Data follows below. Repeat exactly the lines between the line holding "Триммер универсальный для" and the line holding "L'immobile al suo", inclusive, and nothing more; drop pictures.
··· DATA SUPPLIED ···
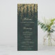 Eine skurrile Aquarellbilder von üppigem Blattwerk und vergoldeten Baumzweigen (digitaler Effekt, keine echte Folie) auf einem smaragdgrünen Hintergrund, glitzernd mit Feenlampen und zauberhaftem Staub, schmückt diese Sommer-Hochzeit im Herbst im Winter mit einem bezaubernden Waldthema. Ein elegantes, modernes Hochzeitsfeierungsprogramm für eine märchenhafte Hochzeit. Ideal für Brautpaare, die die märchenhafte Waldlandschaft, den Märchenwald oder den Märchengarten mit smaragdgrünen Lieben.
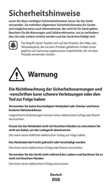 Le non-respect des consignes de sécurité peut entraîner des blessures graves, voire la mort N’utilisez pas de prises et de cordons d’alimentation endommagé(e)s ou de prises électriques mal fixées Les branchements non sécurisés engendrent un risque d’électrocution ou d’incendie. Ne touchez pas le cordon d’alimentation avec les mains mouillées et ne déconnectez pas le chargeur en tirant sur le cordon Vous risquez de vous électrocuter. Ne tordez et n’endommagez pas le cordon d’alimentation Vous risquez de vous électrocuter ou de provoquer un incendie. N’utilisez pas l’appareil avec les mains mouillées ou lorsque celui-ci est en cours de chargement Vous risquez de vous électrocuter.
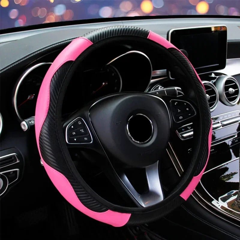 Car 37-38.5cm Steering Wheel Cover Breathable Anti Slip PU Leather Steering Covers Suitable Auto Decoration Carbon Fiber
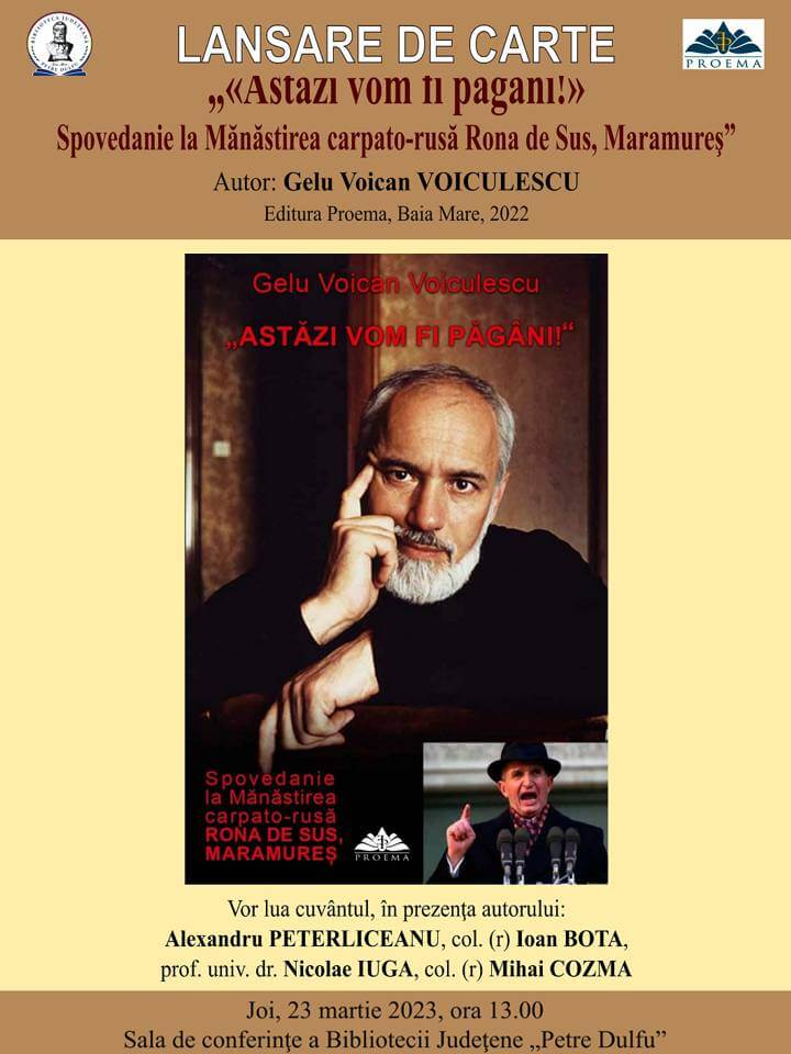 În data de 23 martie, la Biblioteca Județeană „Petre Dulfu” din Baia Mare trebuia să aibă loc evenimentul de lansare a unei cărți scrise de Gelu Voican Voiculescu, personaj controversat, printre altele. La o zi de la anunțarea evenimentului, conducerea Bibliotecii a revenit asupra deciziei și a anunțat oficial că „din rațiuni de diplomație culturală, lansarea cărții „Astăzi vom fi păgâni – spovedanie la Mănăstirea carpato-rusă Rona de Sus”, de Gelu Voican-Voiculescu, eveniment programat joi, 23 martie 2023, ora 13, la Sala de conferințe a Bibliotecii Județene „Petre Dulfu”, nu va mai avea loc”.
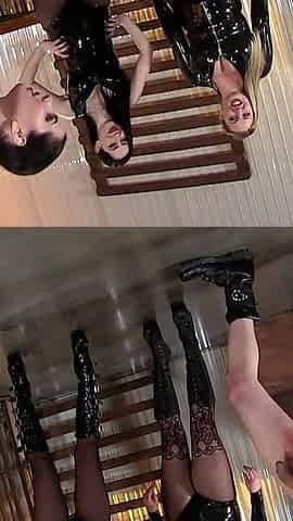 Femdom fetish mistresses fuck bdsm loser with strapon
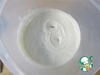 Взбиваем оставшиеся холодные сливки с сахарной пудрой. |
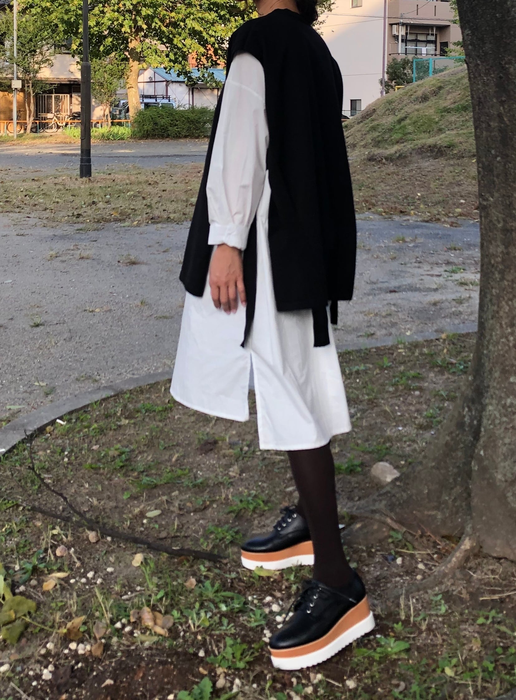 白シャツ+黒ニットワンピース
···
··· DATA SUPPLIED ···
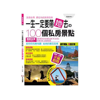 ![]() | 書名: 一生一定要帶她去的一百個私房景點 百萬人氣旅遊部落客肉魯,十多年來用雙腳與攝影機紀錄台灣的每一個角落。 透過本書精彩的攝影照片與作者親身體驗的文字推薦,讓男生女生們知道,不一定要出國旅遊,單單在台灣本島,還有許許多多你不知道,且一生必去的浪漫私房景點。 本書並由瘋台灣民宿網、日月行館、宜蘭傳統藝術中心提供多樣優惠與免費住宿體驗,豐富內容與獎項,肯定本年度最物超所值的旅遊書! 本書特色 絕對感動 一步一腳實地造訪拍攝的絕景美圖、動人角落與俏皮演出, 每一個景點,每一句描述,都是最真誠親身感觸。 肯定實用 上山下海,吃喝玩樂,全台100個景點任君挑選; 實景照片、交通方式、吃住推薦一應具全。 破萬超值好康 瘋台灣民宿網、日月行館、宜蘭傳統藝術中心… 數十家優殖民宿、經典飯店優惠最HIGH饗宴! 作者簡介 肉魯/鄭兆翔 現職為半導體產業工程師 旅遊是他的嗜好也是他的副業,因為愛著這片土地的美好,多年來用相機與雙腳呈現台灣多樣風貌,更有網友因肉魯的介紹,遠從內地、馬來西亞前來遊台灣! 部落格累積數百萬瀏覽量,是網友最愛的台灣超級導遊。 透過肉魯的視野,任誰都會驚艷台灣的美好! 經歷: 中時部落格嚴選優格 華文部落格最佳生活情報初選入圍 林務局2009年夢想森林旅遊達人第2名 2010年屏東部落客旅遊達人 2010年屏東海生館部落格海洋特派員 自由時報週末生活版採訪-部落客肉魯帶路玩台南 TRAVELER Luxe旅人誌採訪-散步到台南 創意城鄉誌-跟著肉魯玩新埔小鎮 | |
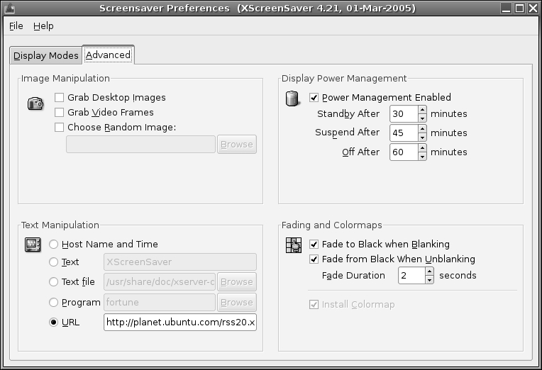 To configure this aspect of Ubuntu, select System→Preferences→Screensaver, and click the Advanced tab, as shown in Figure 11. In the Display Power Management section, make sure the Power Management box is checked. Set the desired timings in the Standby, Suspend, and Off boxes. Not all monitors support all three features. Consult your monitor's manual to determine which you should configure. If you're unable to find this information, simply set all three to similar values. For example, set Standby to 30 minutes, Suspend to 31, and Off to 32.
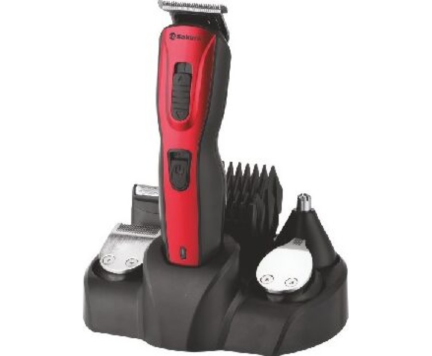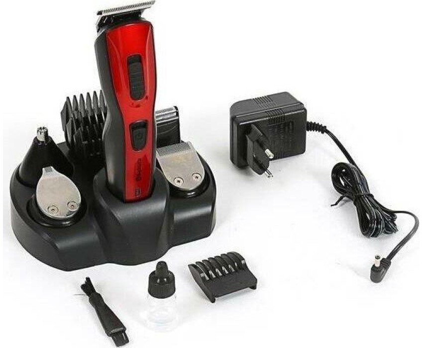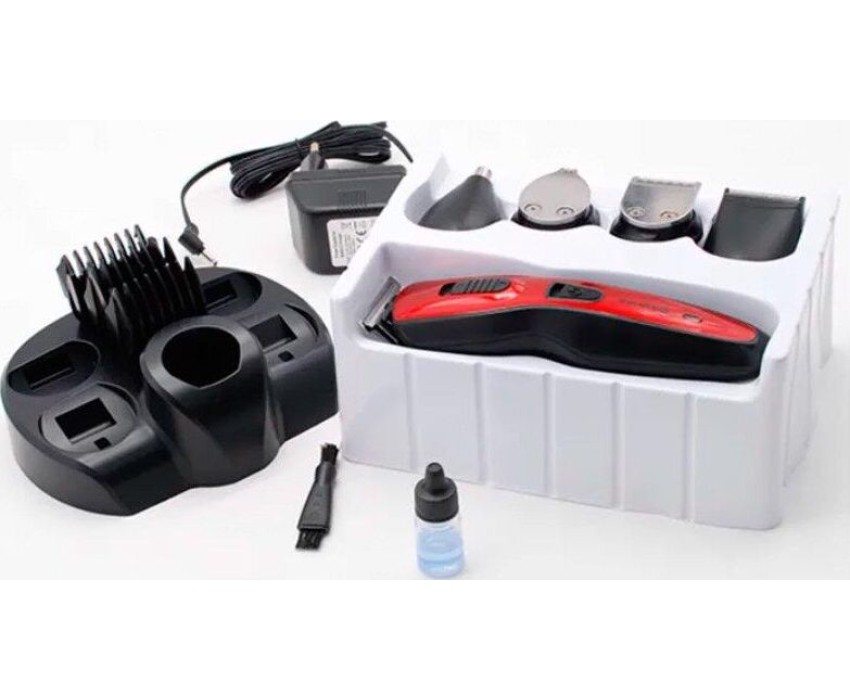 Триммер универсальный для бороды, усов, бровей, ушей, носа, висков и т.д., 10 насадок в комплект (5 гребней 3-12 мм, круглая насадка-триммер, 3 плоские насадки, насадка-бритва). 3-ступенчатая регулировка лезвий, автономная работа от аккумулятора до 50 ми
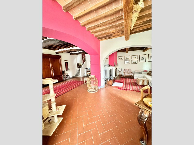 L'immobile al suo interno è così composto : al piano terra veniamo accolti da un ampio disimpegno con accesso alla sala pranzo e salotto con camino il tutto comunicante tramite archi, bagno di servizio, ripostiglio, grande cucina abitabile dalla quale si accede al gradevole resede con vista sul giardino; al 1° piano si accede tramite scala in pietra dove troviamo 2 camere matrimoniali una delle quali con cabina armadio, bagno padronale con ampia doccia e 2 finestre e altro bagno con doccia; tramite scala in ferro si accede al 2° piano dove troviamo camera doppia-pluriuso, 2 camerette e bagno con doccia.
···
··· DATA SUPPLIED ···
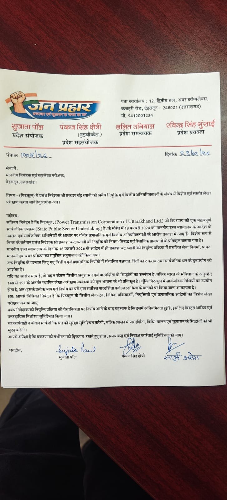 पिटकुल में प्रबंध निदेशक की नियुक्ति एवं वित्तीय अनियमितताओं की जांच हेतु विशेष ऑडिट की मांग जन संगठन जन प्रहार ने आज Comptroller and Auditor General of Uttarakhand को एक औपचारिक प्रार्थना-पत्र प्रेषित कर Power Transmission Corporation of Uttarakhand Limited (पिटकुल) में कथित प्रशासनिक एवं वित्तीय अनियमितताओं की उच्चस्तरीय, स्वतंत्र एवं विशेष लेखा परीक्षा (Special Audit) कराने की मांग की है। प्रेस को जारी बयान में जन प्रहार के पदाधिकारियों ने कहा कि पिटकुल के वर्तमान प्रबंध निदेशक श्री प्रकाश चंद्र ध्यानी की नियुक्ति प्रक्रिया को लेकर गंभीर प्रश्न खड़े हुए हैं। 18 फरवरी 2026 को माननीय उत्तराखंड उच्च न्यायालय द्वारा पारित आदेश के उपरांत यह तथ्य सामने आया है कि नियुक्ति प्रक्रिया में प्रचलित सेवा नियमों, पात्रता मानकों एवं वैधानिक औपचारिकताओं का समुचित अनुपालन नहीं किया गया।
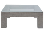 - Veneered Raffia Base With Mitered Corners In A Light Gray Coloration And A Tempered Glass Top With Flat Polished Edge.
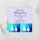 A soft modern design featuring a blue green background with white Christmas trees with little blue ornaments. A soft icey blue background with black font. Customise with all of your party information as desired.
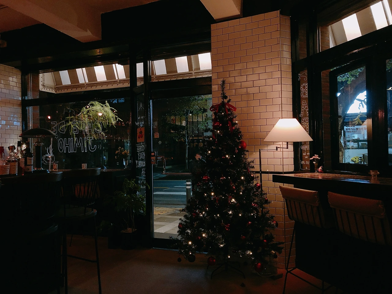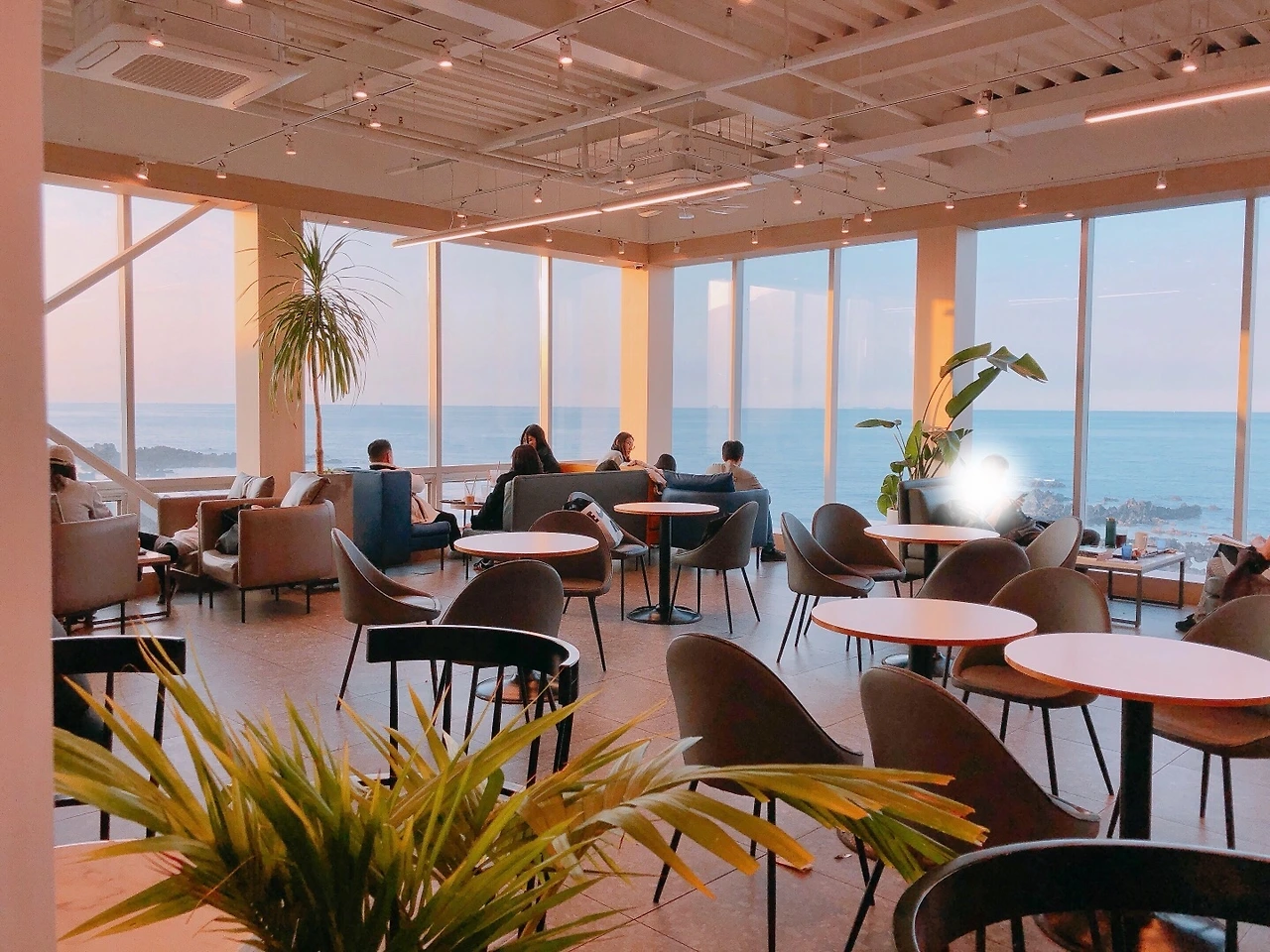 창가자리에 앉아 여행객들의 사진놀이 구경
···
● SOLUTION FOR THIS EXERCISE:
 Триммер универсальный для бороды, усов, бровей, ушей, носа, висков и т.д., 10 насадок в комплект (5 гребней 3-12 мм, круглая насадка-триммер, 3 плоские насадки, насадка-бритва). 3-ступенчатая регулировка лезвий, автономная работа от аккумулятора до 50 ми
 L'immobile al suo interno è così composto : al piano terra veniamo accolti da un ampio disimpegno con accesso alla sala pranzo e salotto con camino il tutto comunicante tramite archi, bagno di servizio, ripostiglio, grande cucina abitabile dalla quale si accede al gradevole resede con vista sul giardino; al 1° piano si accede tramite scala in pietra dove troviamo 2 camere matrimoniali una delle quali con cabina armadio, bagno padronale con ampia doccia e 2 finestre e altro bagno con doccia; tramite scala in ferro si accede al 2° piano dove troviamo camera doppia-pluriuso, 2 camerette e bagno con doccia.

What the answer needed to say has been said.